Copy out the listing that follows, exactly, without its pictures.

-------

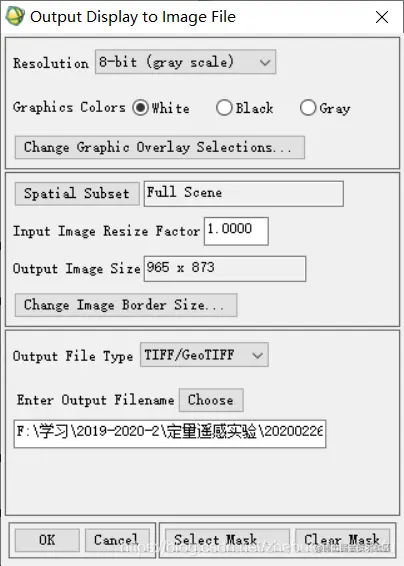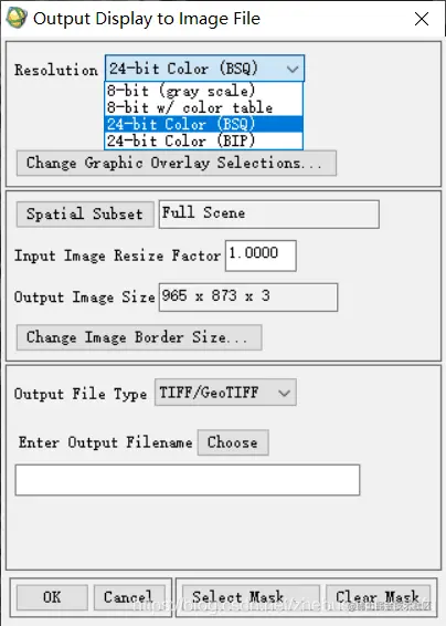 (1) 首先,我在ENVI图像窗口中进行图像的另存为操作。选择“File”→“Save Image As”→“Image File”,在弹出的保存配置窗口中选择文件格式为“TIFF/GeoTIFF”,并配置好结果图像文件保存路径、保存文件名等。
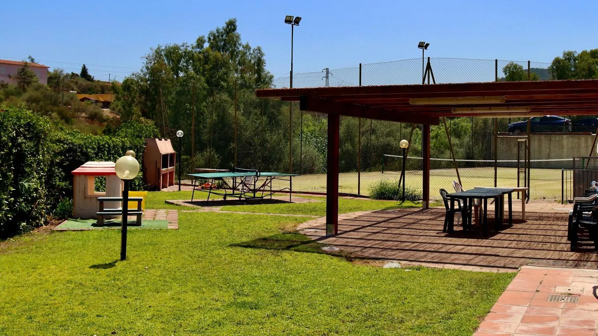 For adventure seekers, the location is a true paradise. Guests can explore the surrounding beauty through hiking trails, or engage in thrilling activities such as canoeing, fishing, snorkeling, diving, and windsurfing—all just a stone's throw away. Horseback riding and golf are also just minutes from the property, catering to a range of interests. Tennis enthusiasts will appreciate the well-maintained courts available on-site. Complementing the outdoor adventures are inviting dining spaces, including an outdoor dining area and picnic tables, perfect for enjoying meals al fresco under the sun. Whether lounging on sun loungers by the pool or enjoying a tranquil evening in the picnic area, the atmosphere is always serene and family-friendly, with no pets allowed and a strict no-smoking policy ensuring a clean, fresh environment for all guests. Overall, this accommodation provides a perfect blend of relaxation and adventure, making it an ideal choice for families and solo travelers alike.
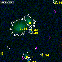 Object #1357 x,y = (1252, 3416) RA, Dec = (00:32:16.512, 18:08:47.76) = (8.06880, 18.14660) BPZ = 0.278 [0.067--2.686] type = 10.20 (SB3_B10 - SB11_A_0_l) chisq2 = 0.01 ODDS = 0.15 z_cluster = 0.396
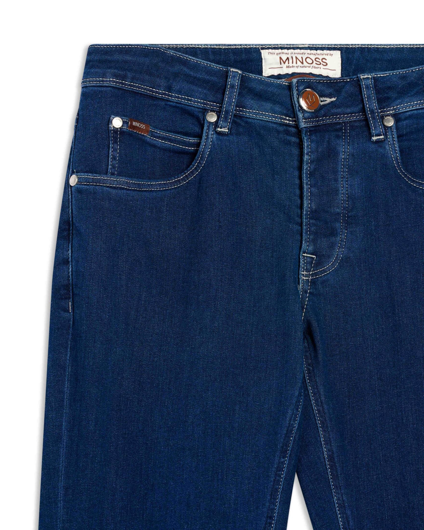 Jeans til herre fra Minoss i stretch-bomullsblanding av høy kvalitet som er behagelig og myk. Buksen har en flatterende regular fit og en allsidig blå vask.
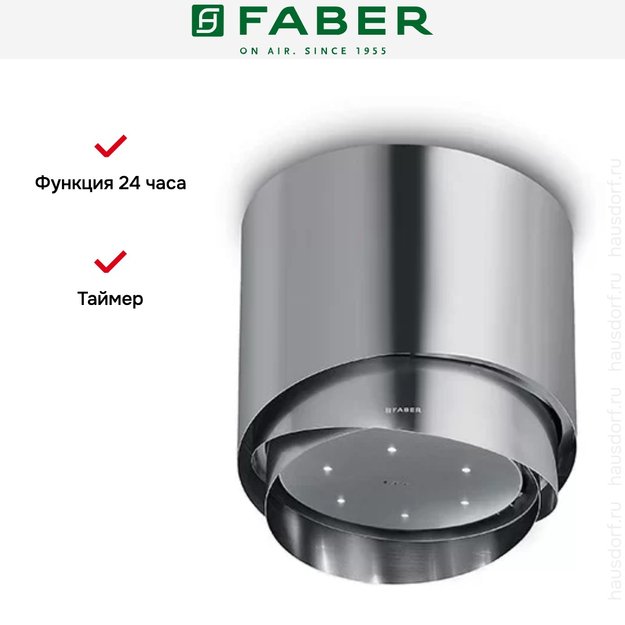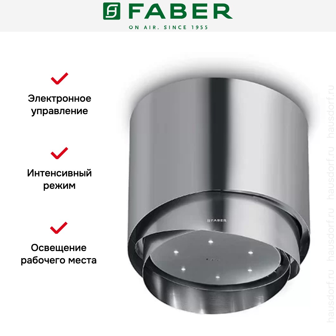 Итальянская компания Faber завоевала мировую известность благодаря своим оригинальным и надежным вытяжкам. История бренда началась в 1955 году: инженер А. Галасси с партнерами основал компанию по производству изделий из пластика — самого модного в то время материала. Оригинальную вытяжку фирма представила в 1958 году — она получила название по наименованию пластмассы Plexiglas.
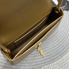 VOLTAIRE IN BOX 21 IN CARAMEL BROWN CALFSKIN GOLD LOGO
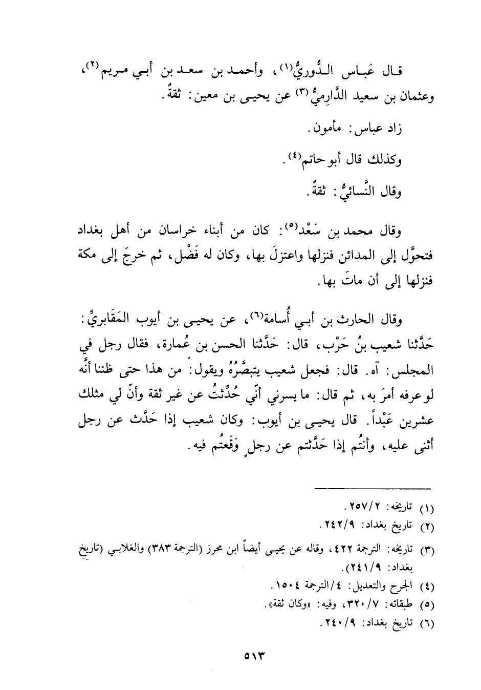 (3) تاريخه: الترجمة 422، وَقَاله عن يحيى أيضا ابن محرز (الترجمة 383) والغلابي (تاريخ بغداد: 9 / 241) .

-------

Written response:
 (1) 首先,我在ENVI图像窗口中进行图像的另存为操作。选择“File”→“Save Image As”→“Image File”,在弹出的保存配置窗口中选择文件格式为“TIFF/GeoTIFF”,并配置好结果图像文件保存路径、保存文件名等。
 For adventure seekers, the location is a true paradise. Guests can explore the surrounding beauty through hiking trails, or engage in thrilling activities such as canoeing, fishing, snorkeling, diving, and windsurfing—all just a stone's throw away. Horseback riding and golf are also just minutes from the property, catering to a range of interests. Tennis enthusiasts will appreciate the well-maintained courts available on-site. Complementing the outdoor adventures are inviting dining spaces, including an outdoor dining area and picnic tables, perfect for enjoying meals al fresco under the sun. Whether lounging on sun loungers by the pool or enjoying a tranquil evening in the picnic area, the atmosphere is always serene and family-friendly, with no pets allowed and a strict no-smoking policy ensuring a clean, fresh environment for all guests. Overall, this accommodation provides a perfect blend of relaxation and adventure, making it an ideal choice for families and solo travelers alike.
 Object #1357 x,y = (1252, 3416) RA, Dec = (00:32:16.512, 18:08:47.76) = (8.06880, 18.14660) BPZ = 0.278 [0.067--2.686] type = 10.20 (SB3_B10 - SB11_A_0_l) chisq2 = 0.01 ODDS = 0.15 z_cluster = 0.396
 Jeans til herre fra Minoss i stretch-bomullsblanding av høy kvalitet som er behagelig og myk. Buksen har en flatterende regular fit og en allsidig blå vask.
 Итальянская компания Faber завоевала мировую известность благодаря своим оригинальным и надежным вытяжкам. История бренда началась в 1955 году: инженер А. Галасси с партнерами основал компанию по производству изделий из пластика — самого модного в то время материала. Оригинальную вытяжку фирма представила в 1958 году — она получила название по наименованию пластмассы Plexiglas.
 VOLTAIRE IN BOX 21 IN CARAMEL BROWN CALFSKIN GOLD LOGO
 (3) تاريخه: الترجمة 422، وَقَاله عن يحيى أيضا ابن محرز (الترجمة 383) والغلابي (تاريخ بغداد: 9 / 241) .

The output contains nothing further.